ГЕР.    В том-то и дело, мой дорогой! Если ты живёшь в этом мире, то всё так и должно быть, не правда ли? Но, Лахес, я не хочу расписывать жестокость и зло, царящие в нашем замечательном мире. Я всего лишь хочу сказать, что зло, насилие, жестокость и несправедливость полностью пронизывают его. Я утверждаю это, как простой факт, не одобряя его и не осуждая. История нашей цивилизации полна немыслимой жестокости. Наверное, так тоже должно быть? Поведение любых животных бледнеет по сравнению с делами рук человеческих. Люди, которые восхищаются закатами, зелёными холмами и роскошными видами, восхищаются выборочно, закрывая глаза на то, чего не желают видеть.

ЛАХ.  Это правда.

ГЕР.    Я хочу повторить, что сами наши тела пропитаны насилием. Внутри нас идёт постоянная война: клетки пожирают друг друга, вирусы и бактерии вторгаются и убивают, наши собственные клетки защищаются и тоже убивают, и так до самой смерти, до последнего, тотального убийства. Чтобы просто оставаться живыми, нашим телам приходится каждую секунду кого-то уничтожать. Мир, Лахес, вымочен во зле, как ломтик хлеба в уксусе.

ЛАХ.  Ты мог бы упомянуть и насилие, царящее в мыслях людей.

ГЕР.    Лучше не надо! Думаю, сказанного достаточно. Чтобы мы начали понимать, что этот мир очень и очень жесток, должно произойти нечто поистине страшное, какое-нибудь природное бедствие или война. Иначе мы перестаём замечать зло. Мы смотрим фильмы, в которых люди постоянно насилуют и убивают один другого. Мы читаем книги, где убийство считается забавной головоломкой, упражнением для интеллекта. Какой-нибудь инспектор Пуаро наслаждается работой своего недюжинного ума, распутывая очередное преступление. Ни сострадания к жертве, ни негодования к убийце он в принципе не испытывает. Ему важно решить задачу, как это сделал бы физик или шахматист.

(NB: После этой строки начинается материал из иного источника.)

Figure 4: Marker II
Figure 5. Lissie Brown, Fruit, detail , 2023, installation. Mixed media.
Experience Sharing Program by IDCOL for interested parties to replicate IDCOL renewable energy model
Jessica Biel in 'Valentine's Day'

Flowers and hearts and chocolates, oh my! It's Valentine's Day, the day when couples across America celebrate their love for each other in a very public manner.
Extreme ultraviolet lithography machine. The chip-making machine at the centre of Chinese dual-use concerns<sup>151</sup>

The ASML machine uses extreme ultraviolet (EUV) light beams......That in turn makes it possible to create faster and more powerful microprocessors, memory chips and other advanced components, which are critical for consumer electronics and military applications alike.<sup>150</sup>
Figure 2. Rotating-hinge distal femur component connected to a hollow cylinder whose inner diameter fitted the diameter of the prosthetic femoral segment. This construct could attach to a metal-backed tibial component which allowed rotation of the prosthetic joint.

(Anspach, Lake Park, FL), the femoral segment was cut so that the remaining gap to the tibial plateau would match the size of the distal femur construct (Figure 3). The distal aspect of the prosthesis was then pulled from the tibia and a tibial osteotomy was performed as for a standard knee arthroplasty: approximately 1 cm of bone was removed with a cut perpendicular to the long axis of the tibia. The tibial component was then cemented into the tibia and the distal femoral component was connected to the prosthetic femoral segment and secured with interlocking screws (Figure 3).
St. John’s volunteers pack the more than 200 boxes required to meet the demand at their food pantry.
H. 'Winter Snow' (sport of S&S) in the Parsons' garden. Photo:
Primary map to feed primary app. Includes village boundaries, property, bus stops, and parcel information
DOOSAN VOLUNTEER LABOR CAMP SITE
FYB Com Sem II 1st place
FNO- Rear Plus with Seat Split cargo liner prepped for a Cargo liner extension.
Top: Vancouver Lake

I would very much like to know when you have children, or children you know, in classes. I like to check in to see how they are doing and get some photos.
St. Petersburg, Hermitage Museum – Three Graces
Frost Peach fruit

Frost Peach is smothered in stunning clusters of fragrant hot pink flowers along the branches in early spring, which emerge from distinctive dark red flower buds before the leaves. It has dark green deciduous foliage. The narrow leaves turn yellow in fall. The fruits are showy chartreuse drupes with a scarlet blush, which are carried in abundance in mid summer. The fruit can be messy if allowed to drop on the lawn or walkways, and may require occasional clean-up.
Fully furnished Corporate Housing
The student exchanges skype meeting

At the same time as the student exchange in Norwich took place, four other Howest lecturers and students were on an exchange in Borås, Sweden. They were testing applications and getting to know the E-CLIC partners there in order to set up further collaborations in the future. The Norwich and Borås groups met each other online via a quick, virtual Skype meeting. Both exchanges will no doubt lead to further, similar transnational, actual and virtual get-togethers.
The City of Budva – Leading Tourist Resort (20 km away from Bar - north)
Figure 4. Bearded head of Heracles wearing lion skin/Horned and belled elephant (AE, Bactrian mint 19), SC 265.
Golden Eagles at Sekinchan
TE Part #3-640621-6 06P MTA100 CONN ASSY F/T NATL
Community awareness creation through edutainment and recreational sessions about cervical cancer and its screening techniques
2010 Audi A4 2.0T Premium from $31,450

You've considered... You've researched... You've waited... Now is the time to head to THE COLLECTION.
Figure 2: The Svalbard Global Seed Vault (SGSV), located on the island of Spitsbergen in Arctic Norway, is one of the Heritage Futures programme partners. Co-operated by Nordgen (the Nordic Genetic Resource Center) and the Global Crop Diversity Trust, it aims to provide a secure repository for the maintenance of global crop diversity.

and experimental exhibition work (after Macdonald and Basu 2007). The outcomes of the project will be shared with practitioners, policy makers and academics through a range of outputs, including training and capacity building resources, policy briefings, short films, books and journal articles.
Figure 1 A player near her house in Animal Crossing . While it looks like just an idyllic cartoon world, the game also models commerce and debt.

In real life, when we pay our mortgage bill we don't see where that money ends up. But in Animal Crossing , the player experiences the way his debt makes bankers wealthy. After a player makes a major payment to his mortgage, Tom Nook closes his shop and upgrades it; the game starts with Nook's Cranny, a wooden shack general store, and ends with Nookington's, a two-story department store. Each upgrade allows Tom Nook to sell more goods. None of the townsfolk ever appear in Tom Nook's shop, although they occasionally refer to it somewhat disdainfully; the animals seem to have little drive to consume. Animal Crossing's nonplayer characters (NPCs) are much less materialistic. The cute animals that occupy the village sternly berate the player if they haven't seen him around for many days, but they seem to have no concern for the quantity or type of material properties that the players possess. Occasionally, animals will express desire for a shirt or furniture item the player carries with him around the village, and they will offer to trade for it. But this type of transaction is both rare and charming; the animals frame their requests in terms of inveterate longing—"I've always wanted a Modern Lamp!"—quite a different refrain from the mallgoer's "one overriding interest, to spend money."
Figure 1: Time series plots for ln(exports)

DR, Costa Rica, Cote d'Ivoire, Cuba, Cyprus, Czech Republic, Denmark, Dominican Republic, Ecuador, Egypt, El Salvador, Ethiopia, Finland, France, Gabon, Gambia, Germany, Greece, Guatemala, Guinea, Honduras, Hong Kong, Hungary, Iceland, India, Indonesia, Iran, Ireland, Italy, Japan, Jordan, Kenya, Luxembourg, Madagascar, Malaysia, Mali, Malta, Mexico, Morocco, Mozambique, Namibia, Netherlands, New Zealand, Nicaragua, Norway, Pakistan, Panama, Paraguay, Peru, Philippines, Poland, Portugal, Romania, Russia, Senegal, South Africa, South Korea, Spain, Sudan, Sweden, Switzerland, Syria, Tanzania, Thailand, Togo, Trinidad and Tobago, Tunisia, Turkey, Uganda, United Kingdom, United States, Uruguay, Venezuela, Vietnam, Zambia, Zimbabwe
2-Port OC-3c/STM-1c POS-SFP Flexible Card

ЛАХ.  Недолго продержался бы этот Пуаро, если бы он страдал вместе с каждой жертвой! И как бы он мог думать мозгом, который затуманен эмоциями?

ГЕР.    И правда! Как бы он мог думать, если бы он был более человечным? Но давай рассмотрим проблему зла и его восприятия поглубже.

ЛАХ.  Давай!

ГЕР.    Где мы принимаем зло, а где уже нет? Миримся ли мы с тем фактом, что бактерии убивают друг друга?

ЛАХ.  Ну конечно! Так устроена жизнь!

ГЕР.    А можно ли убить насекомое, которое жужжит над ухом и мешает читать?

ЛАХ.  Большинство людей прихлопнуло бы его, не раздумывая.

ГЕР.    А можно ли убивать животных ради отдыха или забавы?

ЛАХ.  Тут мнения начинают расходиться, но есть огромное число охотников и рыбаков, которые убивают животных и обожают это занятие.

ГЕР.    А можно ли убивать врага на войне?